As the ureteroscope is advanced to the desired position, fluoroscopy is performed to monitor its progress in real time. Throughout the process, the urinary tract is irrigated with saline to facilitate ureteroscope passage and improve visualization. Irrigation pressure can be controlled by gravity, a compression bag, or hand-held pumps. If passage of the ureteroscope is difficult, the ureter may be dilated by passing a balloon dilator over the guide wire. Once the ureteroscope has reached the level of interest, various instruments can be introduced into the working channel to perform a diagnostic (e.g., biopsy) or therapeutic (e.g., ablation, stone basketing) procedure.

At the end of the procedure, a ureteral stent should be deployed if a ureteral access sheath has been used because the latter is associated with a risk of mucosal injury and postoperative ureteral edema. Ureteral stents are typically biocompatible polyethylene or silicone polymer devices. Most stents have curls at their proximal and distal ends, which help anchor them in the renal pelvis and bladder. In addition, most stents have small holes along their shaft to facilitate drainage. A ureteral stent may be placed through the working channel of a rigid cystoscope, or it can be deployed over a wire using fluoroscopic guidance. A plastic tube known as a stent pusher is used to ensure that the proximal curl reaches the renal pelvis.
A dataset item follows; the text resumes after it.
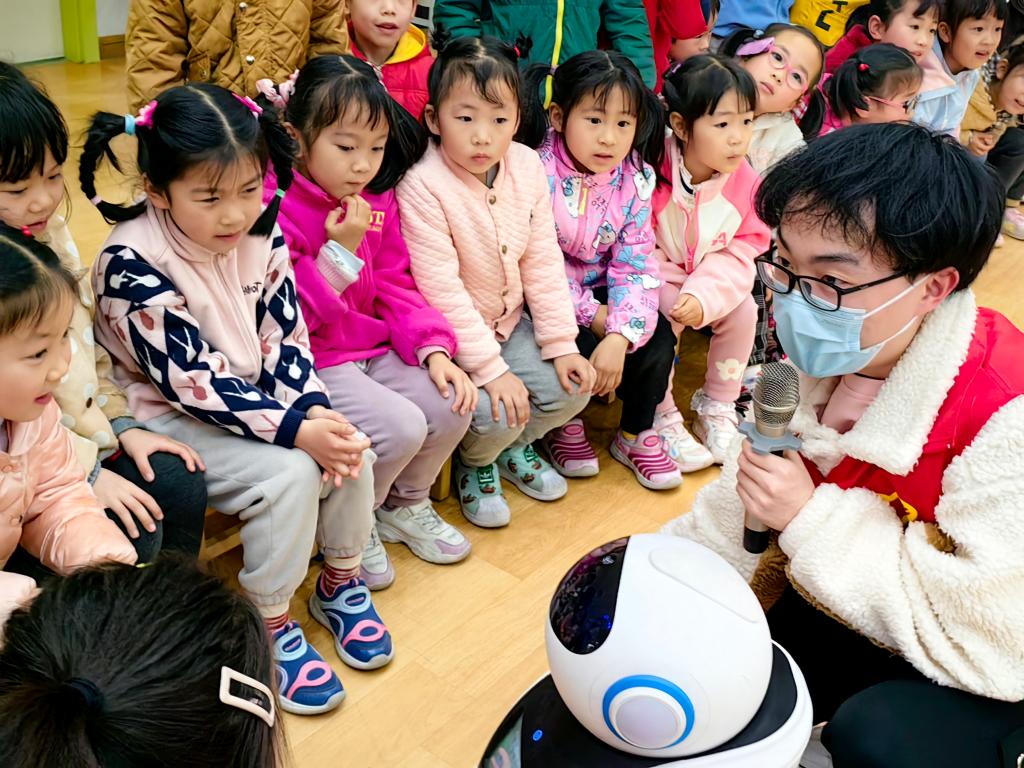 青年志愿者陶文轩同学将科普知识融入到有趣的问题中,用憨态可掬的机器人表演深深吸引了孩子们的目光,有的小朋友抑制不住自己的兴奋之情,在现场与机器人互动起来。赵裔同学通过图片和影片的展示讲解,让小朋友们初步了解了无人机的知识,在他的指导下,孩子们亲身操控小型无人机,感受了科技带来的快乐。整个活动中,小朋友们热情高涨,灿烂的笑容洋溢在每一位小朋友的脸上。

Care must be taken not to advance the distal curl into the ureter.


Plate 10-34


When performed properly, ureteroscopy is associated with few complications. The most common complications include stent colic (discomfort from the ureteral stent), transient hematuria, and urinary tract infection. The most concerning complication is ureteral perforation. Most cases of ureteral perforation, however, successfully heal with stent deployment alone. Ureteral avulsion is a rare complication of ureteroscopy that is most often repaired using open surgical technique.



Ureteroscopy is typically performed on an outpatient basis and does not require hospital admission. At present, there is no standard protocol for postoperative follow-up. A typical evaluation to rule out residual stone disease or stricture formation may include CT scan; radiograph of the kidneys, ureter, and bladder; or renal ultrasound. If a ureteral stent is placed after an uncomplicate ureteroscopy, it is usually removed 3 to 14 days later.